## Assignment
Go to the line containing "Puzzle Monster High" in the material below. From there to the end, retype every line exactly and drop the pictures.

## Collected data
---------------
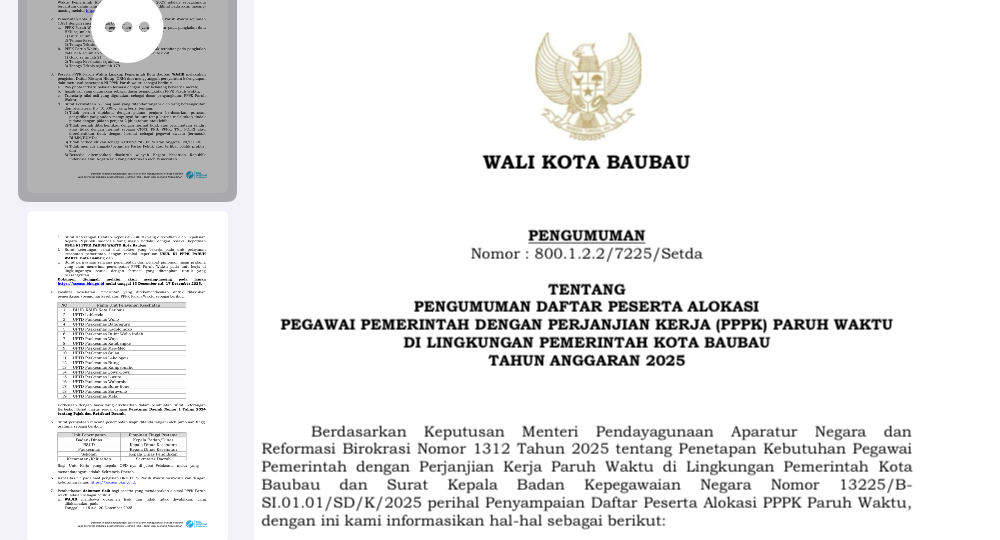 Dihari yang sama, Sekretariat Daerah Kota Baubau telah menerbitkan Pengumuman yang ditandatangani Walikota Baubau, H Yusran Fahim, Pengumuman Nomor : 800.1.2.2/7225/Setda, tentang PENGUMUMAN DAFTAR PESERTA ALOKASI PEGAWAI PEMERINTAH DENGAN PERJANJIAN KERJA (PPPK) PARUH WAKTU DI LINGKUNGAN PEMERINTAH KOTA BAUBAU TAHUN ANGGARAN 2025. Berdasarkan Keputusan Menteri Pendayagunaan Aparatur Negara dan Reformasi Birokrasi Nomor 1312 Tahun 2025 tentang Penetapan Kebutuhan Pegawai Pemerintah dengan Perjanjian Kerja Paruh Waktu di Lingkungan Pemerintah Kota Baubau dan Surat Kepala Badan Kepegawaian Negara Nomor 13225/B-SI.01.01/SD/K/2025 perihal Penyampaian Daftar Peserta Alokasi PPPK Paruh Waktu.
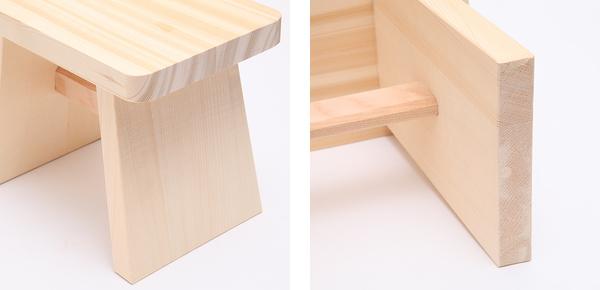 | 安定感のある作り 木に厚みがあるので、安定感があり滑りにくく安全です。 | 厚みのある素材 木の厚みが2.5cmもあるので割れにくく丈夫です。 |
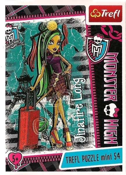 Puzzle Monster High Mini to wspaniała układanka dla dziewczyn zamknięta w małym, wygodnym opakowaniu. Dzięki temu z łatwością mieszczą się w dziecięcym plecaku lub na półce z zabawkami. Po ułożeniu wszystkich 54 elementów powstanie obrazek przedstawiający jedną z upiornych uczennic Straszyceum - Jinafire Long. Do tego potworna grafika puzzli czyni je prawdziwą gratką dla fanów serii Monster High.
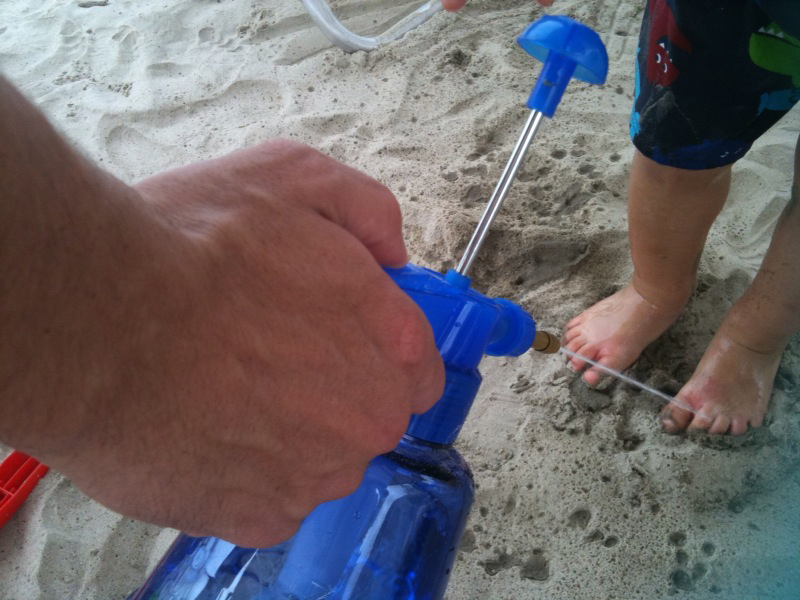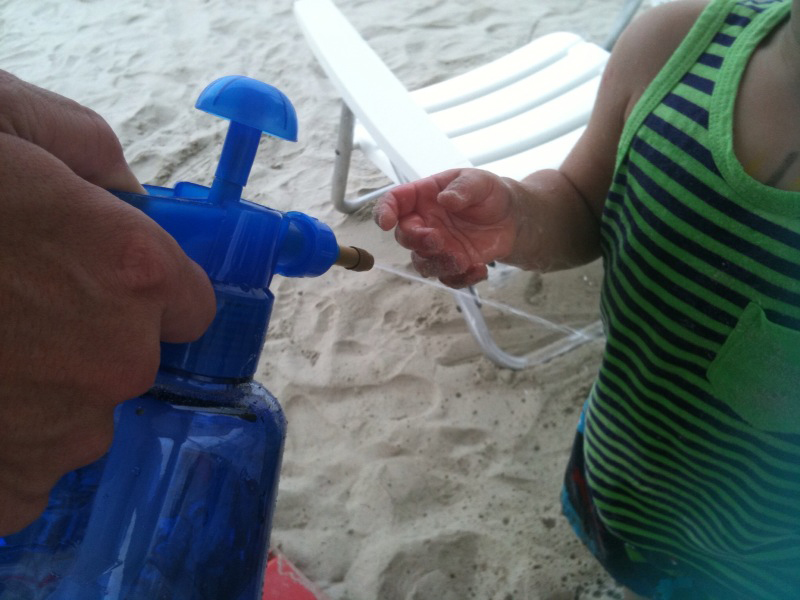 O título deste post parece até propaganda enganosa. Afinal, como conseguir manter as crianças longe do visual à milanesa na praia? Depois de muitas tentativas frustradas (com baldinhos e garrafas d’água), minha mãe – super it avó – achou uma solução: levar esse spray na sacola de praia. Não se trata de um spray qualquer. Ele funciona com uma bomba de ar e tem regulagem de jato (mais fraquinho para o rosto, mas forte nos pés e em lugares em que a areia fica impregnada). Super prático para tirar areia e água salgada antes de reaplicar o protetor solar. Não, não é vendido na Alô Bebê. Você encontra em casas de artigos de jardinagem. Fica a dica.
---------------
## Answer box
 Puzzle Monster High Mini to wspaniała układanka dla dziewczyn zamknięta w małym, wygodnym opakowaniu. Dzięki temu z łatwością mieszczą się w dziecięcym plecaku lub na półce z zabawkami. Po ułożeniu wszystkich 54 elementów powstanie obrazek przedstawiający jedną z upiornych uczennic Straszyceum - Jinafire Long. Do tego potworna grafika puzzli czyni je prawdziwą gratką dla fanów serii Monster High.
 O título deste post parece até propaganda enganosa. Afinal, como conseguir manter as crianças longe do visual à milanesa na praia? Depois de muitas tentativas frustradas (com baldinhos e garrafas d’água), minha mãe – super it avó – achou uma solução: levar esse spray na sacola de praia. Não se trata de um spray qualquer. Ele funciona com uma bomba de ar e tem regulagem de jato (mais fraquinho para o rosto, mas forte nos pés e em lugares em que a areia fica impregnada). Super prático para tirar areia e água salgada antes de reaplicar o protetor solar. Não, não é vendido na Alô Bebê. Você encontra em casas de artigos de jardinagem. Fica a dica.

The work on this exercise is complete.